Goal of the exercise: From the first line to the last, copy the material word for word; pictures stay out.

Data shown:
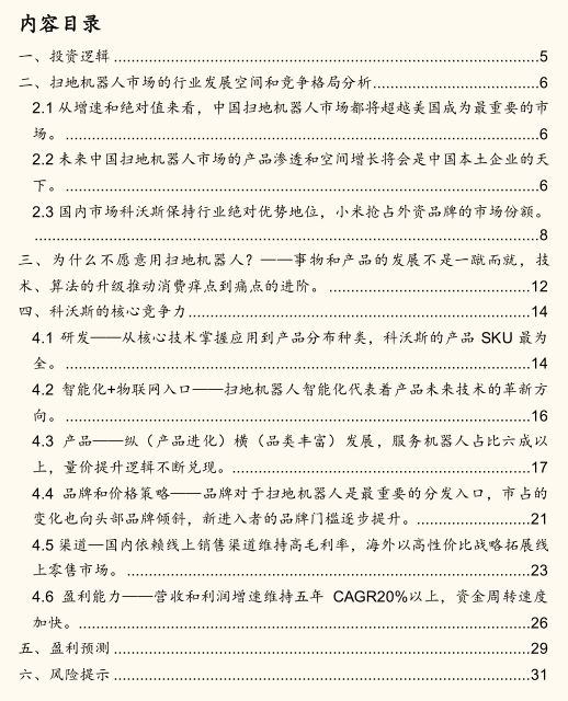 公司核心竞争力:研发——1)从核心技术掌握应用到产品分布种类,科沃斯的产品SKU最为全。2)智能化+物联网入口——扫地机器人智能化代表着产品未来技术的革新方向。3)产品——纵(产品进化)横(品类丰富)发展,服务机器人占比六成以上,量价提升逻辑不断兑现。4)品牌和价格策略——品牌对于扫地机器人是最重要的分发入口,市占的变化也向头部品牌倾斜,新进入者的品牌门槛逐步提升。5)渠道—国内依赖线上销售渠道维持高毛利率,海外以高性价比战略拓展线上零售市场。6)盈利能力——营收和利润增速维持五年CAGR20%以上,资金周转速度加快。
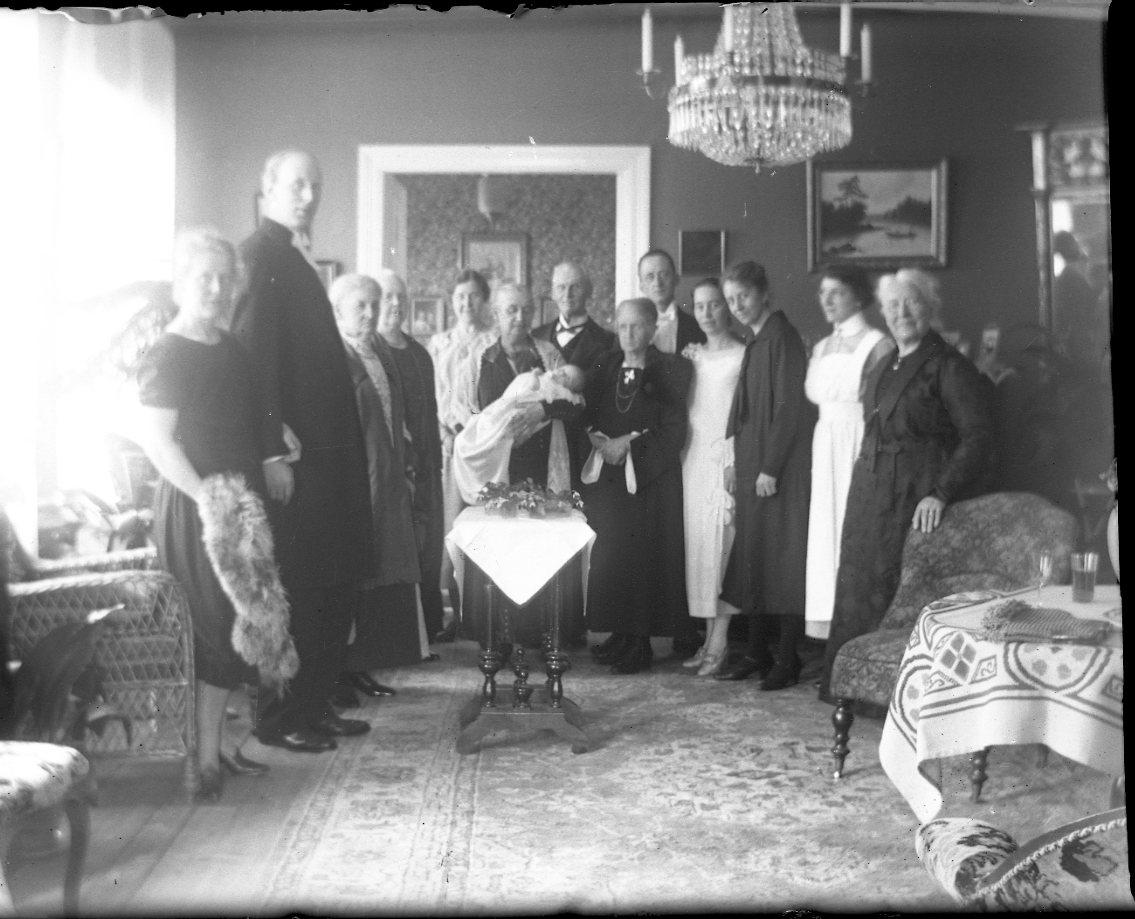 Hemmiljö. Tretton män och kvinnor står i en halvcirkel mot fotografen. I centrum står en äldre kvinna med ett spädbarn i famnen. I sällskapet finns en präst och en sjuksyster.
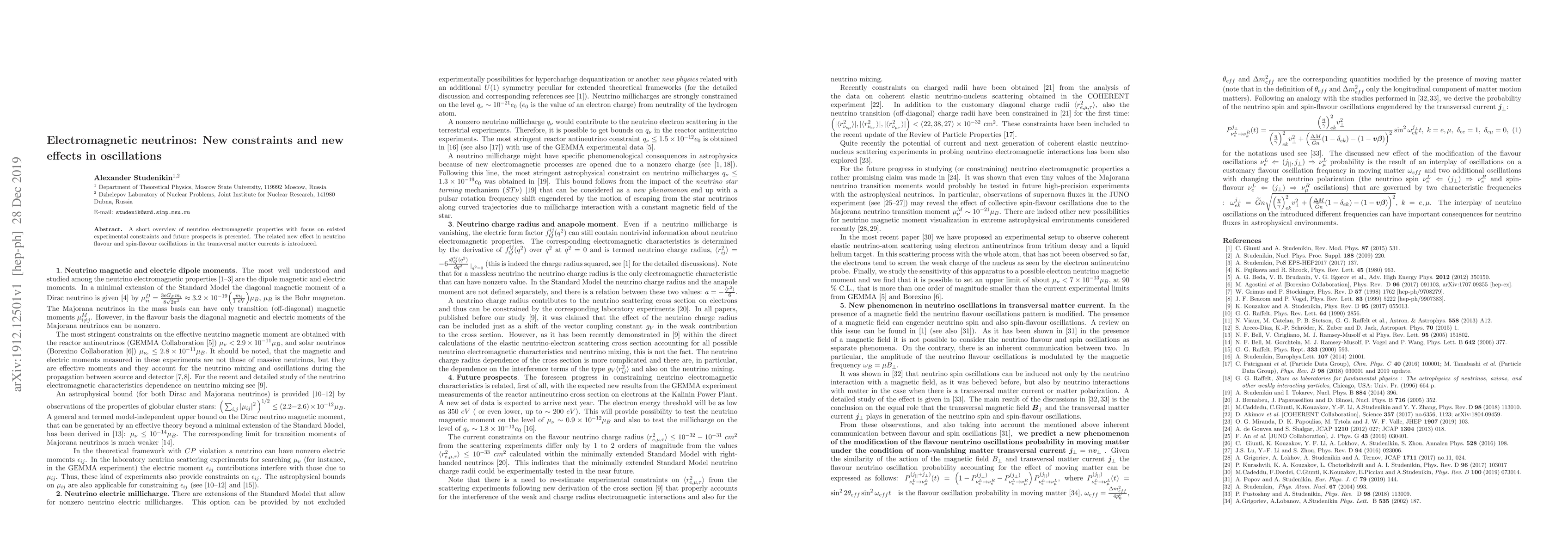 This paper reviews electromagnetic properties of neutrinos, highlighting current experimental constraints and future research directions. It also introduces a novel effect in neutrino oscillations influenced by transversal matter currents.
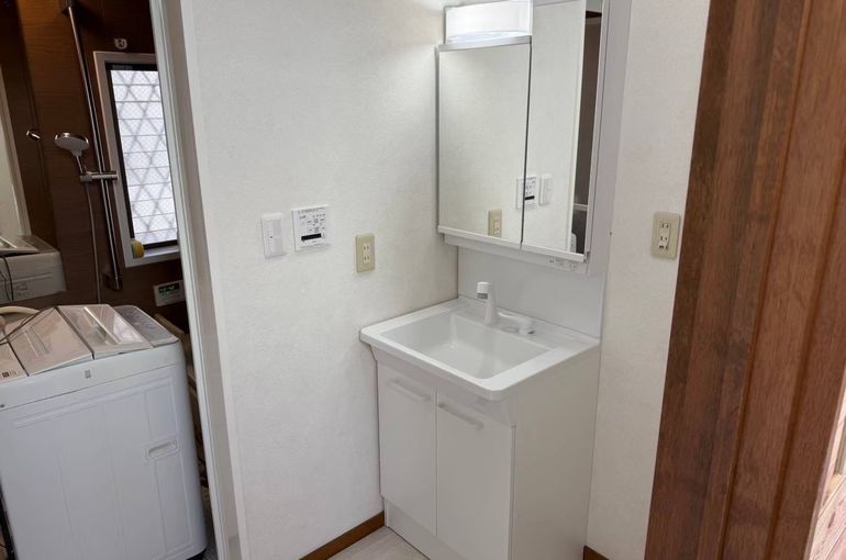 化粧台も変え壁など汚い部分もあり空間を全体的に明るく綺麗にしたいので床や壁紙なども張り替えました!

Response:
 公司核心竞争力:研发——1)从核心技术掌握应用到产品分布种类,科沃斯的产品SKU最为全。2)智能化+物联网入口——扫地机器人智能化代表着产品未来技术的革新方向。3)产品——纵(产品进化)横(品类丰富)发展,服务机器人占比六成以上,量价提升逻辑不断兑现。4)品牌和价格策略——品牌对于扫地机器人是最重要的分发入口,市占的变化也向头部品牌倾斜,新进入者的品牌门槛逐步提升。5)渠道—国内依赖线上销售渠道维持高毛利率,海外以高性价比战略拓展线上零售市场。6)盈利能力——营收和利润增速维持五年CAGR20%以上,资金周转速度加快。
 Hemmiljö. Tretton män och kvinnor står i en halvcirkel mot fotografen. I centrum står en äldre kvinna med ett spädbarn i famnen. I sällskapet finns en präst och en sjuksyster.
 This paper reviews electromagnetic properties of neutrinos, highlighting current experimental constraints and future research directions. It also introduces a novel effect in neutrino oscillations influenced by transversal matter currents.
 化粧台も変え壁など汚い部分もあり空間を全体的に明るく綺麗にしたいので床や壁紙なども張り替えました!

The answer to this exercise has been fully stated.